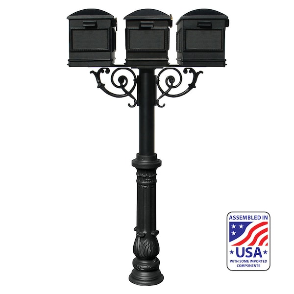 Our Hanford mailbox post system is made from rust-free cast aluminum with a durable weather resistant powder coated finish. This TRIPLE post comes with support braces, a decorative Ornate base 7, three Lewiston mailboxes and mounting plate at top of post. The Lewiston mailboxes are made of cast aluminum and also features a tough powder coat finish. Post, support braces, mailboxes, mounting plate and base color: Black. . The Hanford TRIPLE mailbox post system w/Scroll Supports
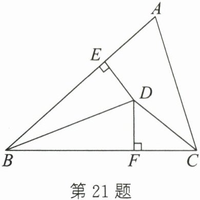 21. (本题满分8分)如图,在△ABC中,BD平分∠ABC,CD平分∠ACB,DE⊥AB于点E,DF⊥BC于点F.
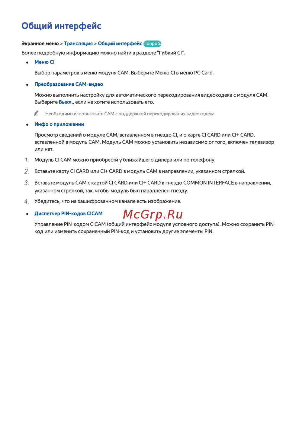 Узнайте, как настроить общий интерфейс и модуль CAM для трансляции. Получите информацию о настройках, установке и управлении PIN-кодами.
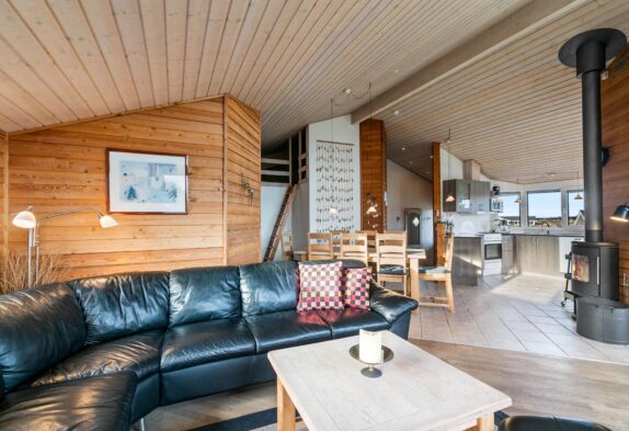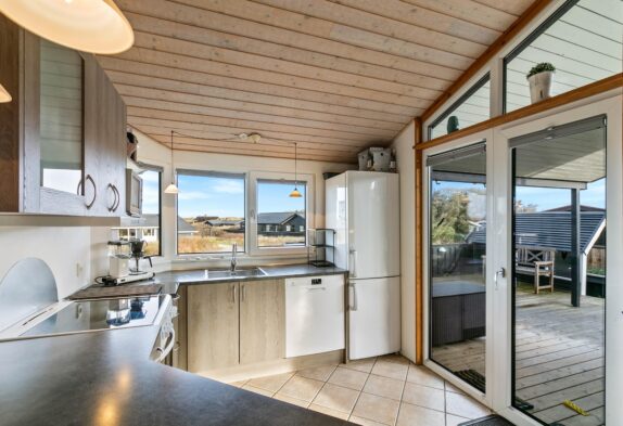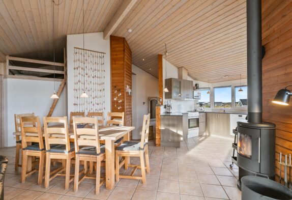 Når det er tid til et måltid mad eller afslapning indendørs, kommer køkkenalrummet jer til gode. Her er der altid mulighed for hyggeligt samvær med familien, en god film eller et lækkert måltid fra husets funktionelle køkken. Her finder I også huset brændeovn som kan holde jer varme på en stemningsfyldt måde, hvis ikke varmepumpen eller elradiatoren skulle være jeres smag.
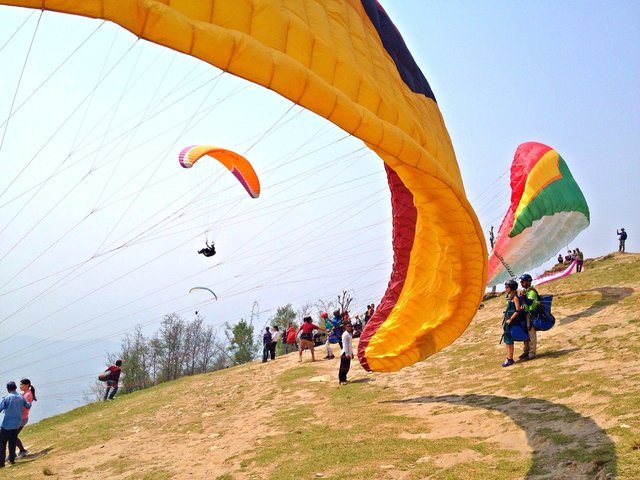 在山坡上做最后检查,并且等风来的小伙伴们。七彩斑斓的滑翔伞真的很治愈!
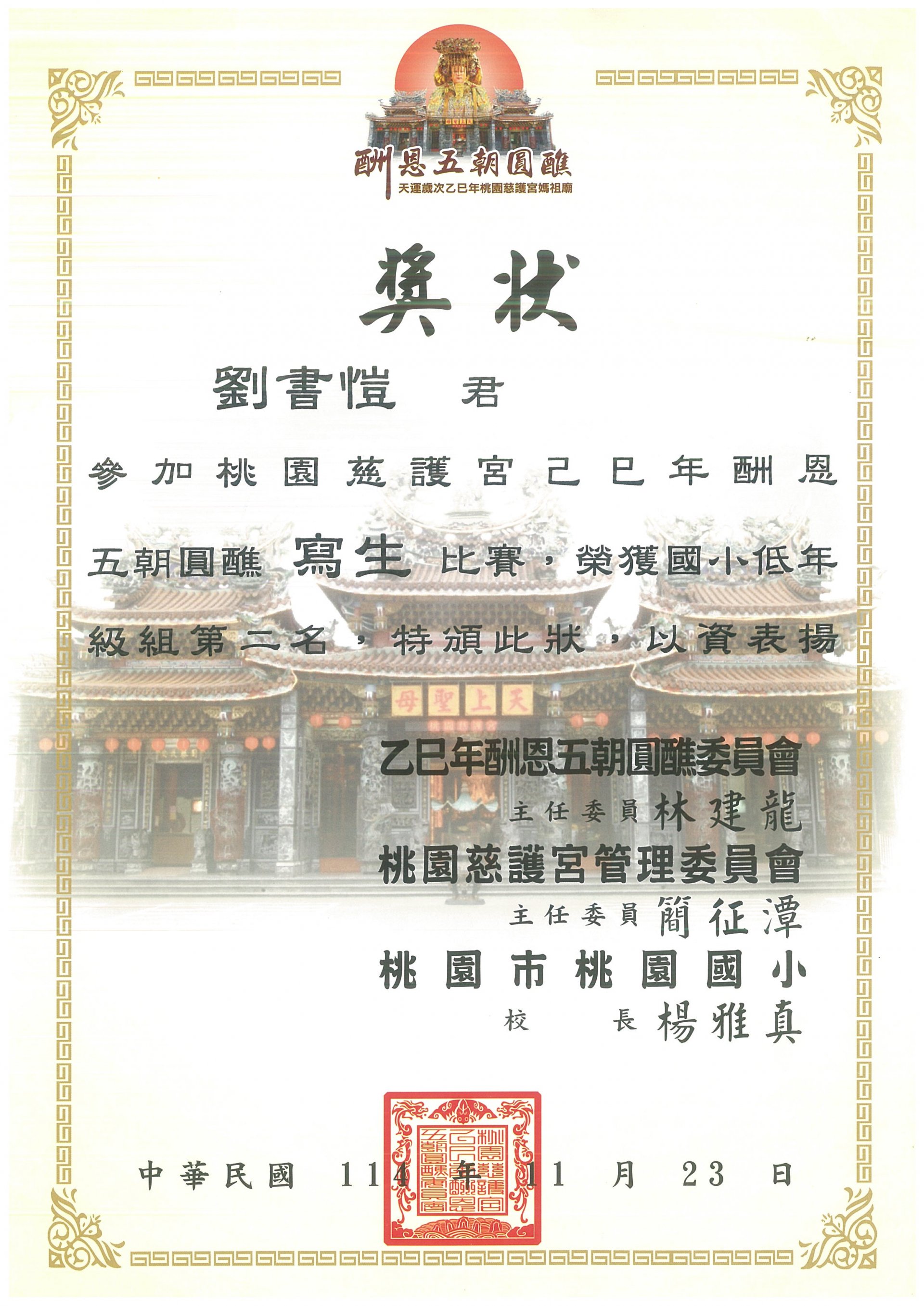 桃園慈護宮己巳年酬恩五朝圓醮寫生比賽 低年級組第二名
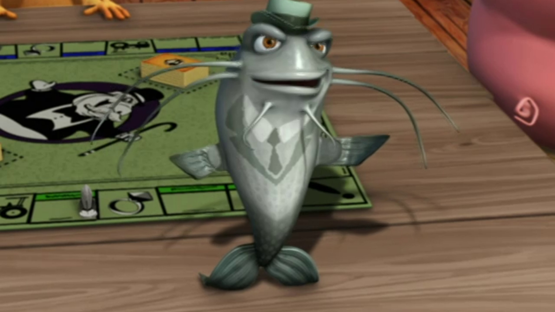 Pip tiene sus dudas respecto al viejo amigo de Otis, Eddie, el Chico Pez. / La Sra. Beady se esconde en el corral para escapar de su suegra.
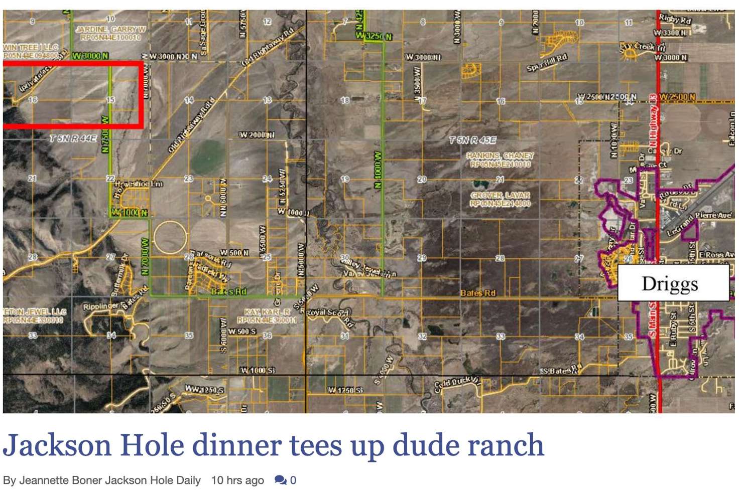 The site currently consists of 26 long rectangular "old town" Driggs city lots. You might know the property as the sage fields that are lined with a buckrail fence west of the Driggs 5th Street Park.
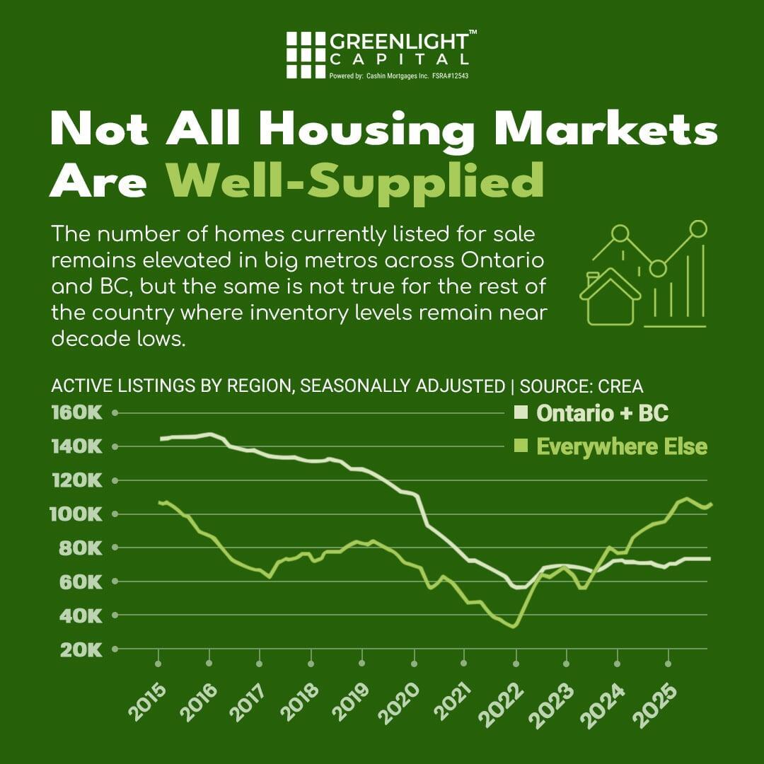 Not all housing markets are equal. Inventory remains elevated in major metros across Ontario and British Columbia, but many other regions have listings near decade lows. Limited supply in these areas can keep competition and prices high for buyers.

_TO DO_
Print, exactly, each line above from the one with "21. (本题满分8分)如图" to the one with "Узнайте, как настроить", end lines included. Leave pictures out of it.

_PROBLEM SOLUTION_
 21. (本题满分8分)如图,在△ABC中,BD平分∠ABC,CD平分∠ACB,DE⊥AB于点E,DF⊥BC于点F.
 Узнайте, как настроить общий интерфейс и модуль CAM для трансляции. Получите информацию о настройках, установке и управлении PIN-кодами.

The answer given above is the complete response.